Now, after a little share hiccup, I'm buying back those shares (for more than I sold them for, unfortunately, but for a price that I think is fair). I sold shares right around $400, and bought them back Thursday night at an average price of $508, which brings my average cost basis all the way up to $350.
Thanks to a portfolio that is much larger now, Google is not back to being my top holding, but it is now in the top five again.
Why did I buy?
Well, the short answer is that the earnings were too good not to at this price. I understand that the price run up to $550 was based on some probably irrational momentum enthusiasm, but I didn't think $550 was such a crazy share price.
Here's how the numbers compare from the March 2006 earnings release, when I sold a few shares, to today's news:
Sales:
March 2006: $1.92 billion
July 2007: $3.87 billion
Earnings:
March 2006: $372 million
July 2007: $925 million
That's right - sales about doubled, and earnings came close to tripling. Even though the margins are not what was hoped for in this latest release due to a hiring binge, that ain't bad long term performance.

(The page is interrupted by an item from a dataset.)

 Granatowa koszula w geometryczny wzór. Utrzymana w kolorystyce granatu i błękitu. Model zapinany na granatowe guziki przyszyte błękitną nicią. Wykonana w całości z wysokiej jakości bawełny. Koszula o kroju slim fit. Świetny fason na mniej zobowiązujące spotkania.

Gross margins have been pretty steady over the past year at near 60%, though net margins are weaker. I'll take that over the opposite outcome (better net margins, worse gross margins) because it means Google's problems are cost-related, and not that its losing pricing power due to competition.
And that's really the key: here in the U.S., at least, there is precious little competition, and no sign that competition is niping at Google's heels despite Microsoft (MFST), Ask and Yahoo (YHOO) all launching improved services, and much better ad systems in the past year or so. Overseas, even in places like China where Google has market share problems so far, there isn't a single market where Google couldn't buy its biggest competitor without breaking a sweat, and overall, Google's international growth continues to outpace, even the very good U.S. results.
The "law of large numbers" argument, that Google cannot sustain its growth rate, is somewhat compelling, but it certainly hasn't impacted Google yet in a meaningful way. It's true that earnings growth has slowed somewhat due to investment, but we're still talking about near-60% sales growth, and a company that, I believe, is likely to hit an inflection point with their recent achievement of "full" staffing levels that may enable it to increase margins in coming years.
So, I can't argue with the market pushing GOOG shares down by a few percent today, as seems to be the final result. But the 8-9% hairdcut the shares got overnight, and early this morning was a bit overdone, and I'm glad I picked up a few shares.
I like the fact that Google is investing in more people right now, especially because many of them are overseas hires or hires who can help build Google's next generation of services. Google even indicated that a good portion of that 1% earnings miss may have been caused by the one-time $60 million impact of a change in its HR accounting policies.
But really, I just want to hold Google shares as a significant part of my portfolio, and this dip gave me a timely opportunity to restore that position when I happened to have cash on hand. Google beat analyst predictions for sales growth during a seasonally challenging quarter, and it's investing in the future with more engineers and salespeople.
I think we continue to underestimate the long term growth potential here, though Google will likely look expensive on a trailing P/E basis for many years. I'll try to ignore the quarter to quarter volatility, and keep my eye on the prize: world advertising domination.
Disclosure: I do own shares of Google, and am also a Google AdSense publisher.